The most recent novel by South Korean writer Han Kang, who won the Nobel Prize for Literature this Wednesday, impossible goodbyeswill be published later this year in Portugal by Dom Quijote, the publisher said in a statement.
impossible goodbyeswho won the Medici Prize in France last year, ex-aequo with Compassionby Lídia Jorge, is a novel that takes the reader on a journey through contemporary South Korea and its painful history.
The play tells the story of Gyeong-ha, who travels to Jeju at the request of his friend In-seon, who is hospitalized, to save a parrot who, according to him, has been left alone in his house and needs to be fed.
When Gyeong-ha arrives at her friend In-seon’s house, after facing a snowstorm on the island, she is confronted with In-seon’s family’s past and especially her mother, Jeong-sim, who passed decades trying to find her. brother who disappeared after the 1948 massacre.

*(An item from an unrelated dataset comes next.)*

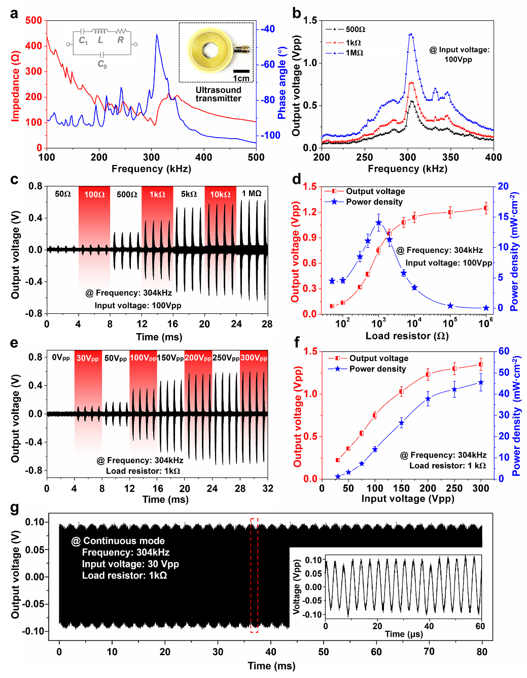 为了测量超声能量采集装置的输出性能,使用多功能测试平台,对LF-PUEH装置进行了系统研究,包括频率特性、输入条件、负载优化以及植入式模拟实验,以评估其输出特性并证明其在潜在应用中的价值。测试的结果表明,在负载为 1 kΩ 时,器件可获得最佳输出特性,最大瞬时功率密度达到45 mW/cm2。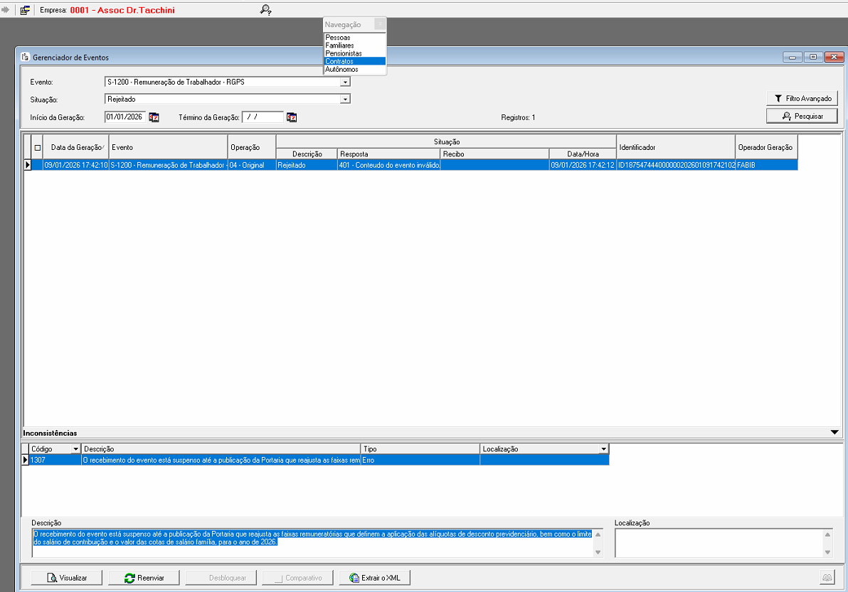 Na geração dos eventos S-2299 ou S-1200 pode ocorrer o erro 1307 "O recebimento do evento está suspenso até a publicação da Portaria que reajusta as faixas remuneratórias que definem a aplicação das alíquotas de desconto previdenciário, bem como o limite do salário de contribuição e o valor das cotas de salário família, para o ano de 2026."

Meticulously compiled are hundreds of files documenting one of the worst massacres Korea has ever known: 30,000 civilians murdered between November 1948 and early 1949 for being communists.
Nobel Prize in Literature: The originality of the work of the South Korean writer Han Kang, winner of the 2024 edition
Han Kang’s first book published in Portugal was The vegetarianof Dom Quixote, in 2016, when he won the Man Booker International Prize for this novel.
This work was republished in 2019, by BIS, from the same publishing group, Leya. In 2017 the novel was published. human actsin 2019, The White Paperand in 2023, Greek lessons. Han Kang was born in Gwangju, South Korea, in 1974. In 1994, she began her writing career by winning a literary contest in Seoul.
In addition to the Nobel, the Booker and the Medici, Han Kang received the Manhae Prize in South Korea and the Malaparte Prize in Italy for human acts and was also a finalist, again, for the 2018 Man Booker International Prize for The White Paper.
Han Kang also received the Yi Sang, Young Creators, Best Korean Novel, Hwang Sun-won and Dongri literary awards. She was a professor at the Department of Creative Writing at the Seoul Institute of Arts and currently dedicates herself solely to writing.